* Dataset extract:

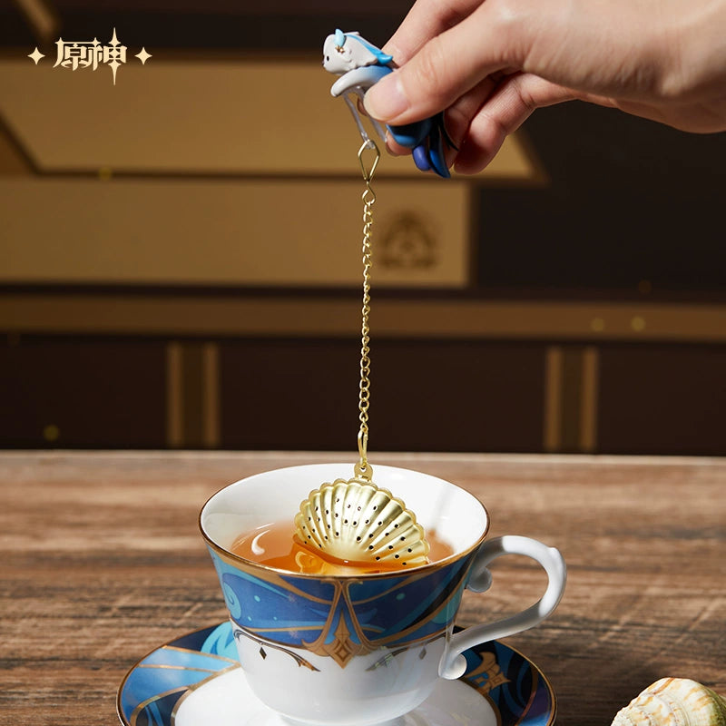Inspired by Genshin Impact, this elegant tea set celebrates Neuvillette’s refined aesthetic. The set includes a ceramic cup, saucer, and a titanium-plated stainless steel spoon, each with intricate details. Also included are a tea strainer and a tea buddy, enhancing the tea experience. The spoon features a decorative charm that adds a touch of character. Perfect for fans, this set blends functionality with the timeless elegance of Neuvillette’s design.
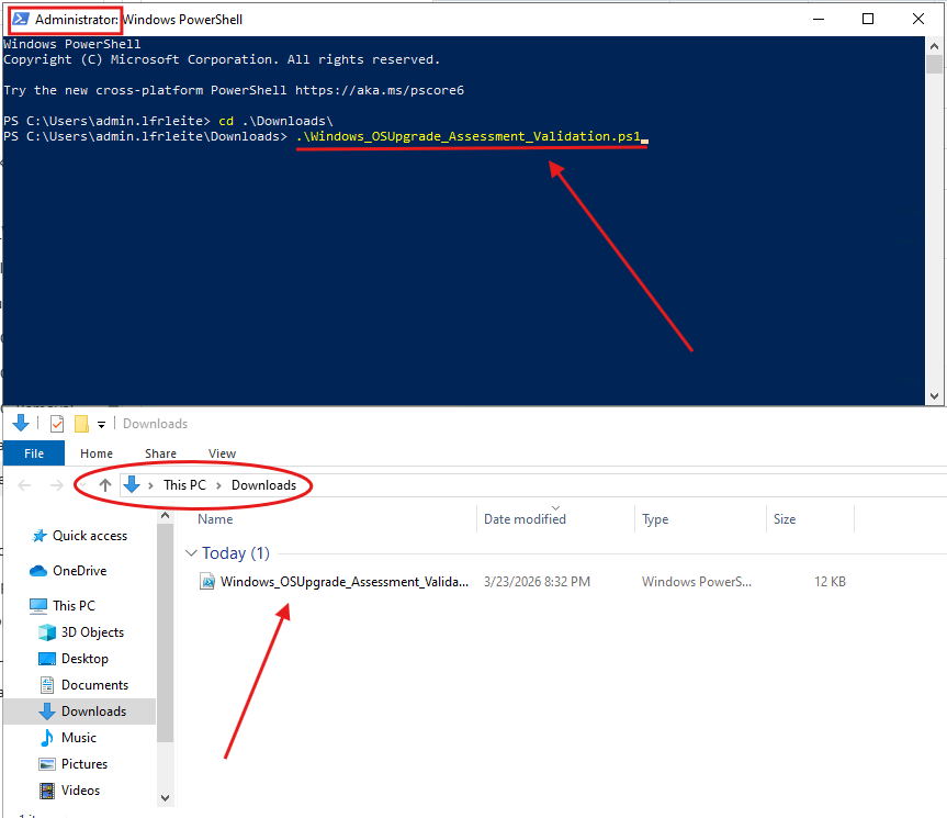 2 - Agora abra um PowerShell com privilégios elevados de administrador, navegue até onde foi salvo o Windows_OSUpgrade_Assessment_Validation.ps1 e execute-o;
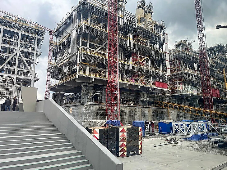 Строительство первой газовой платформы закончилось в конце июля, на его завершение в Белокаменку приехал Владимир Путин. После выпуска платформы в доке остается огромный слой ила. За несколько недель в доке нужно было избавиться от 20 сантиметров ила и сделать газон, на котором можно играть в футбол.
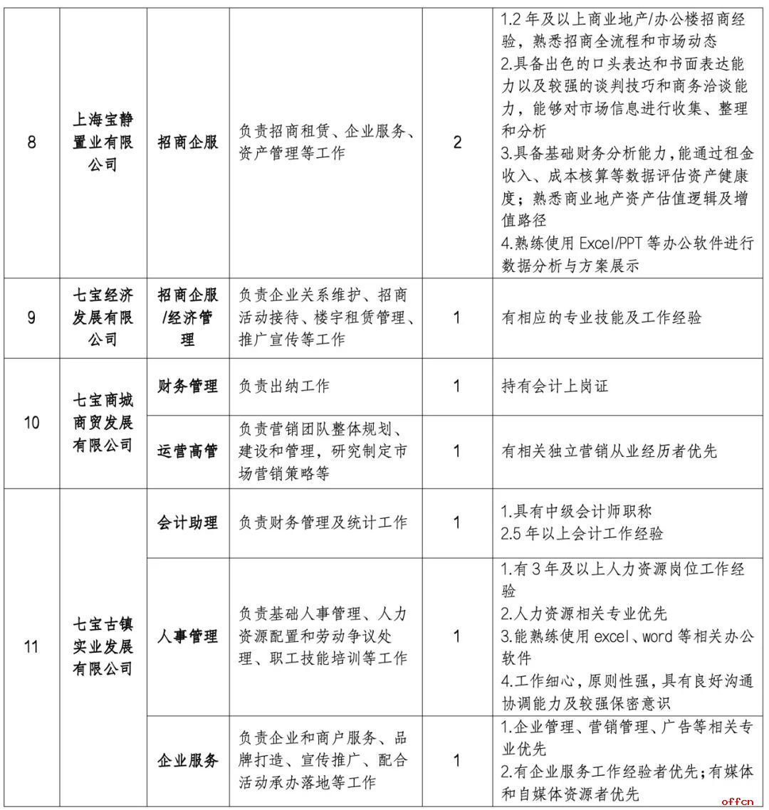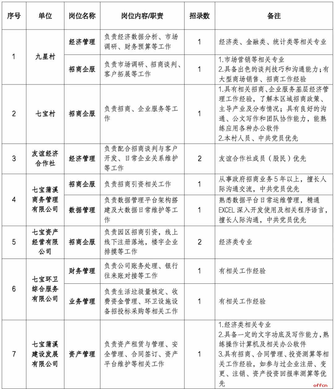 为进一步推进七宝镇村(合作社)、镇属公司人才队伍建设,提升服务管理专业化水平,按照公开、平等、竞争、择优的原则,拟面向社会公开招聘一般管理岗位人员20名,有关事项公告如下:

* What this task involves: Output the complete listing exactly as it appears, except for the images.

* Result of this exercise:
Inspired by Genshin Impact, this elegant tea set celebrates Neuvillette’s refined aesthetic. The set includes a ceramic cup, saucer, and a titanium-plated stainless steel spoon, each with intricate details. Also included are a tea strainer and a tea buddy, enhancing the tea experience. The spoon features a decorative charm that adds a touch of character. Perfect for fans, this set blends functionality with the timeless elegance of Neuvillette’s design.
 2 - Agora abra um PowerShell com privilégios elevados de administrador, navegue até onde foi salvo o Windows_OSUpgrade_Assessment_Validation.ps1 e execute-o;
 Строительство первой газовой платформы закончилось в конце июля, на его завершение в Белокаменку приехал Владимир Путин. После выпуска платформы в доке остается огромный слой ила. За несколько недель в доке нужно было избавиться от 20 сантиметров ила и сделать газон, на котором можно играть в футбол.
 为进一步推进七宝镇村(合作社)、镇属公司人才队伍建设,提升服务管理专业化水平,按照公开、平等、竞争、择优的原则,拟面向社会公开招聘一般管理岗位人员20名,有关事项公告如下:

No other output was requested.